Palo Alto High School's Social Activism Publication

Lauren Wong

OPINION: Turkey’s faults

Turkey-Syria earthquake shows the truth

April 18, 2023

Nobody expects the worst to happen, until it actually happens: the tormenting nightmare of having your family become a statistic and your house an aftermath photo. The 7.8 magnitude earthquake that occurred on Feb. 6 that demolished cities in Turkey. People there didn’t expect what would happen next: the Turkish government failed when they needed it most.  

Although my family wasn’t directly affected by the recent earthquakes, my own worry doesn’t go away. My entire extended family lives in Istanbul which sits on the North Anatolian fault line. The constant fret of when disaster might strike is like a looming cloud over all of us. With another 6.4 magnitude earthquake hitting the faultline, my friend’s families are being evacuated and forced out of their homes, their future uncertain. 
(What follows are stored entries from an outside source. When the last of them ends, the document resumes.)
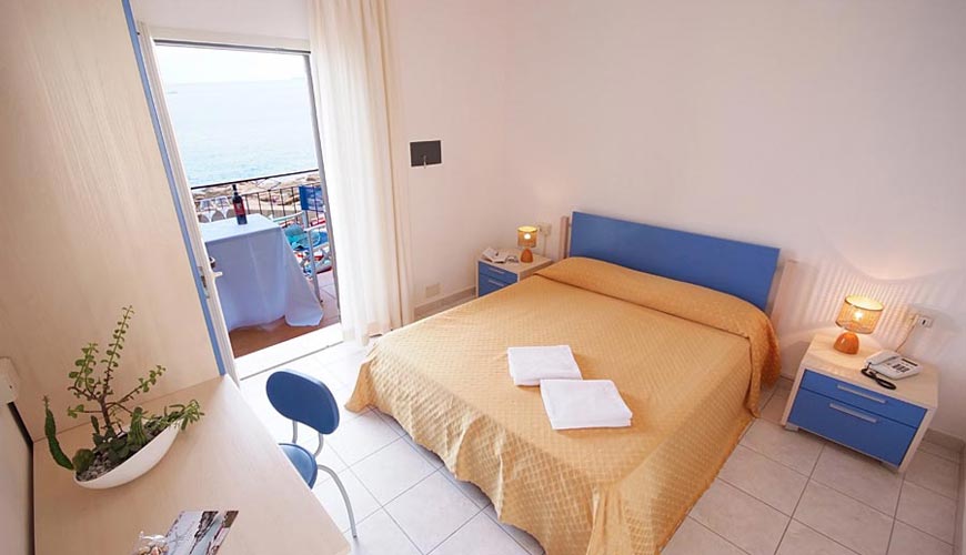 Disponiamo di stanze doppie o matrimoniali (anche per uso singolo) e familiari per 3/4 persone. La maggior parte dispone di vista panoramica sul mare, balcone o terrazza.
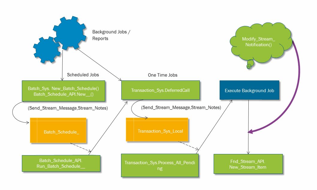Background jobs are typically of two types; One time background jobs (jobs posted through Transaction_SYS.Deferred_Call) and schedules (Posted through Batch_Sys. New_Batch_Schedule or Batch_Schedule_API.New__). The lifecycle these background jobs are controlled by the Transaction_SYS.Process_All_Pending scheduler job, which runs your background job and updates its completion state. This state information is used by the Streams for Background jobs runtime to notify the end user of job completion events (which could also be error state if the job encounters an error). This functionality is opt in for application developers. Additionally, one could customize the message which gets generated using one of the Modify API which "hooks" into the Streams for Background jobs. The procedure opting-in and using the hooking API is described in the following sections.
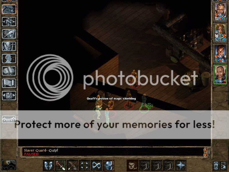 Slave ship, the slave guards had a lot of nice potions, guess how many I managed to collect? Hint; it starts with a Z and it wasn't a zillion. I did however, manage to get the gnome wizard separated from the human wizard due to the tendency of SCS enemies to follow sanctuaried characters (PC in this case) leaving Nalia and Keldorn to deal with only that one, Keldorn's dispel failed but interrupted most of his spells anyway with crossbow bolts of lightning (brought them at Gaelan's house next door, money well spent IMO).
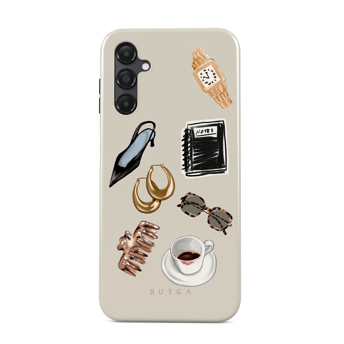 Kenmerken van dit design: zwarte hoge hak, gouden hoepeloorbellen, zwart notitieboekje, koffiebeker, schildpadprint bril, bruine scrunchie, retro gouden horloge.

Despite all the warnings that the infrastructure was unstable, the worst did in fact happen, at 4 a.m. Feb. 6, an earthquake hit the southeast region of Turkey bordering Syria, affecting major cities. However, the blame for the damage shouldn’t be on the earthquake but on the government.

In 1999, a similar earthquake — a 7.4 magnitude— hit Turkey, according to The Guardian. After the death of over 17,000 people, the government of Turkey promised stricter building regulations to ensure sturdier infrastructure and introducing an “earthquake tax,” which would increase the country’s preparedness. Now two decades later, after the devastating effects of the most recent earthquake, it’s clear that it was all empty promises. In 2017, the Istanbul office of the Union of Architects and Engineers of Turkey said seven million buildings in the country were unsafe, two million of them in Istanbul.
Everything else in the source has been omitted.